Alpert was married to Sharon Mae Lubin from 1956 to 1971. They had two children together: daughter, Eden, and son, Dore.
Since December 1973, Alpert has been married to recording artist Lani Hall, the original lead singer with Sérgio Mendes and Brasil '66, who went on to success as a Latin pop artist in the 1980s. They have one daughter, actress Aria Alpert. As of 2019, the Alperts live on a 5.5 acres beachfront compound on the Pacific Coast Highway in West Malibu, which Herb Alpert acquired in the early 1970s.

In popular culture

Alpert was referenced in the first show of the fourth season of Get Smart where one of the code signals between Maxwell Smart and his contact was "Herb Alpert takes trumpet lessons from Guy Lombardo." Also, a fifth-season episode parodied the entire group as Max and 99 sought to unmask "Herb Talbot and His Tijuana Tin" as KAOS spies.
The popularity of the Tijuana Brass in the 1960s spawned many imitation groups. TJB member and composer of Spanish Flea, Julius Wechter, had good success between 1962 and the mid 1970s with his Baja Marimba Band, which was under contract by A&M. On the other side there were cheaply produced "drugstore records" by acts such as the Mexicali Brass, Mariachi Brass, Guadalajara Brass, Bullfight Brass, Pert Lapert and his Iguana Brass, and others. There were also several comic parodies, e. g. by the Frivolous Five's "Sour Cream and Other Delights", Bob Booker and George Foster's production "Al Tijuana and His Jewish Brass", and David Seville and the Chipmunks' "Sorry About That, Herb!"
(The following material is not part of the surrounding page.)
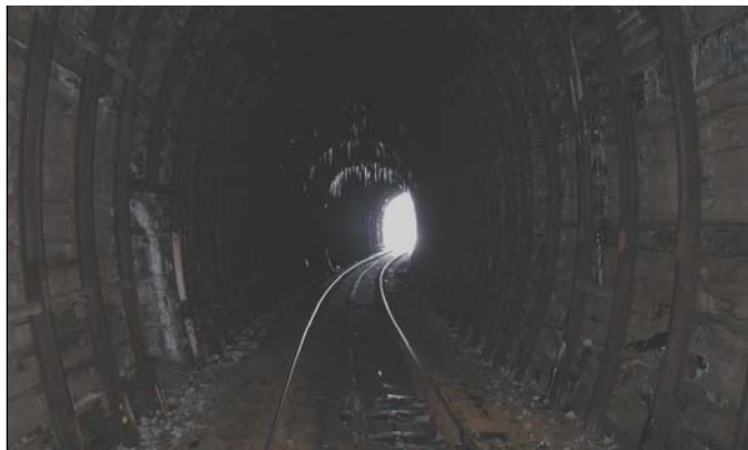
Pohled na ústí tunelu

In the music video for Jeff Beck's 1985 single "Ambitious," directed by Jim Yukich, which depicts an array of real-life celebrities and lookalikes auditioning to perform with Beck, Alpert appears at the very end, rushing to the casting director's table and asking, "Am I too late?"
On September 17, 2010, the TV documentary "Legends: Herb Alpert – Tijuana Brass and Other Delights" premiered on BBC4.